Best way of embedding binary data in source?

moogie · December 8, 2009, 10:00am

not sure if you meant the tool i made to embed binary data into a user defined class attribute. Such an option is moot which pack200 as it does not deal with unknown class attributes and thus means you are better off just leaving it as another file in the pack200 compressed jar.

pjt33 · December 8, 2009, 10:12am

Although it does have a facility for adding them, which may be handy for build scripts. I haven’t looked into it, but I noticed it in the output of

pack200 --help

moogie · December 8, 2009, 12:19pm

yes, you are correct, you are able to define how to handle your attribute, however i really doubt that there will be net gain (i.e. reduced size) when compared to using a separate file in a jar that is then compressed into a pack200 compressed format. This is because you will need to transfer the definition of the attribute as well.
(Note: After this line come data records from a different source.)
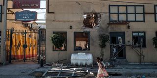 A gaping hole has been punched through the brick facade of the prominent Hotel Africa, while other structures have been peppered with bullet holes and gouged by shrapnel.
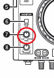 Down left on the controller in the monitor-section there's a Cue-mix knob (Pan). Fully counter-clockwise turned you will only hear the Cue-signal. If you turn it clockwise, the Master-signal comes in.
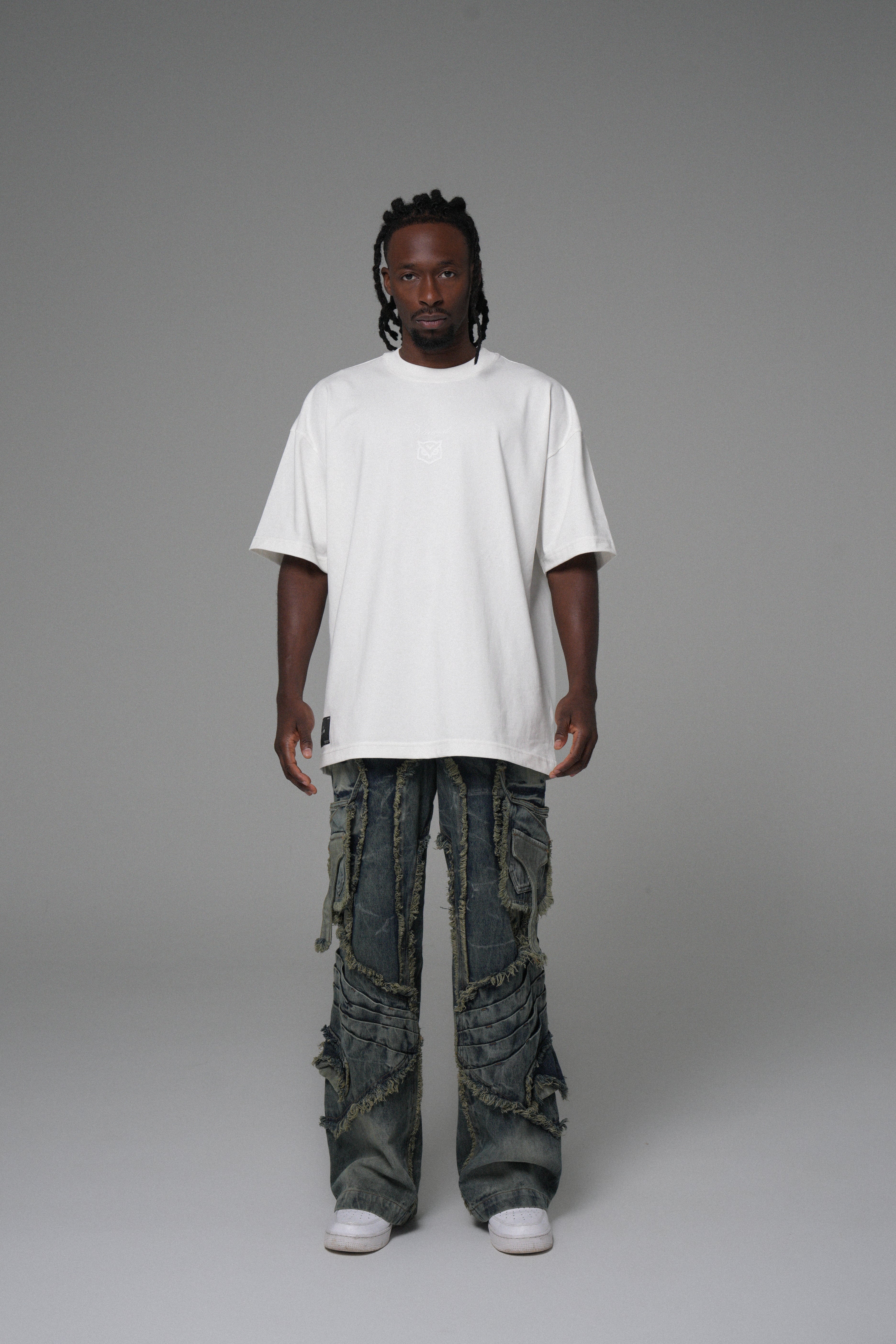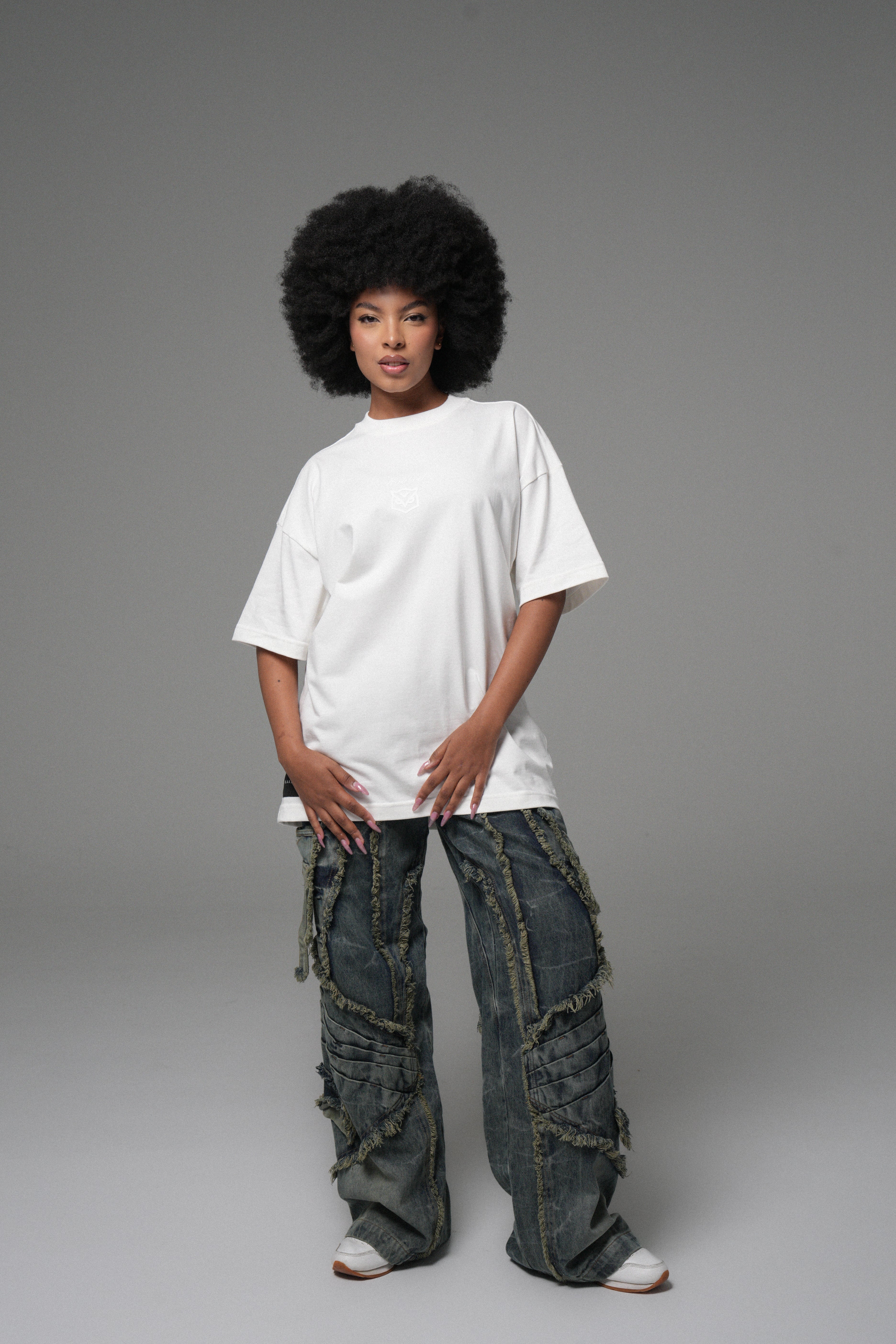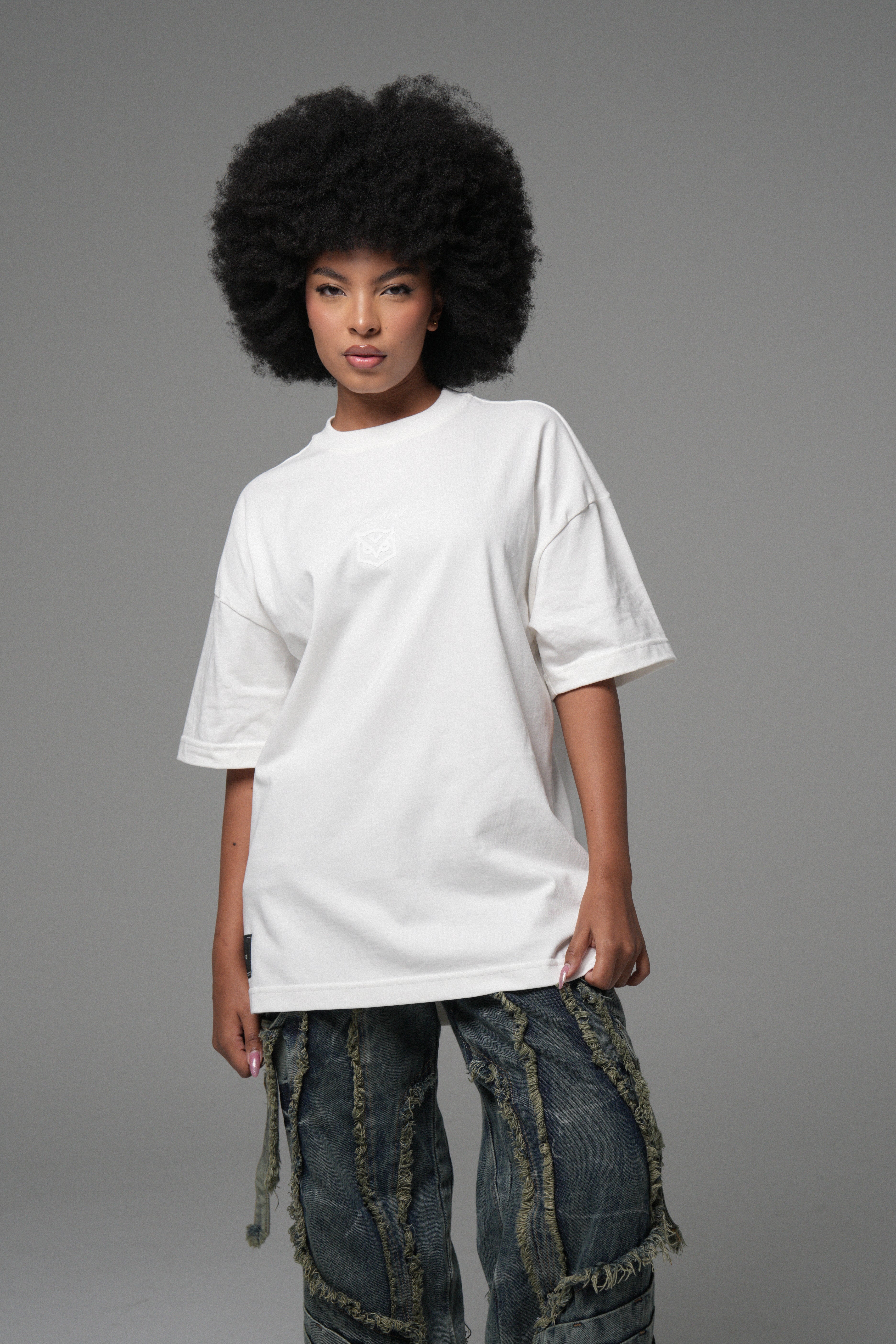 Algodón peruano 270g: pesado, firme y con caída limpia. Cuello en rib de alta calidad para mantener estructura con el uso.

I would love to be proven wrong though

Roquen · December 8, 2009, 12:40pm

So how do you access the attribute?

Abuse · December 8, 2009, 9:34pm

Presumably like usual; use Class#getResourceAsStream(classFileName), then search through for your unique identifier indicating the start of the attribute.

Groboclown · December 9, 2009, 1:52am

There’s a trade-off here between 100% packing by using binary attribute data vs. a 4 to 5 (or what have you) encoding in Strings, based on the constant size for retrieving the data.

I was planning at some point to sit down and actually try to compute the different cut-off values. Unfortunately, it won’t fully capture the possible additional optimizations that could be done on the data extraction process.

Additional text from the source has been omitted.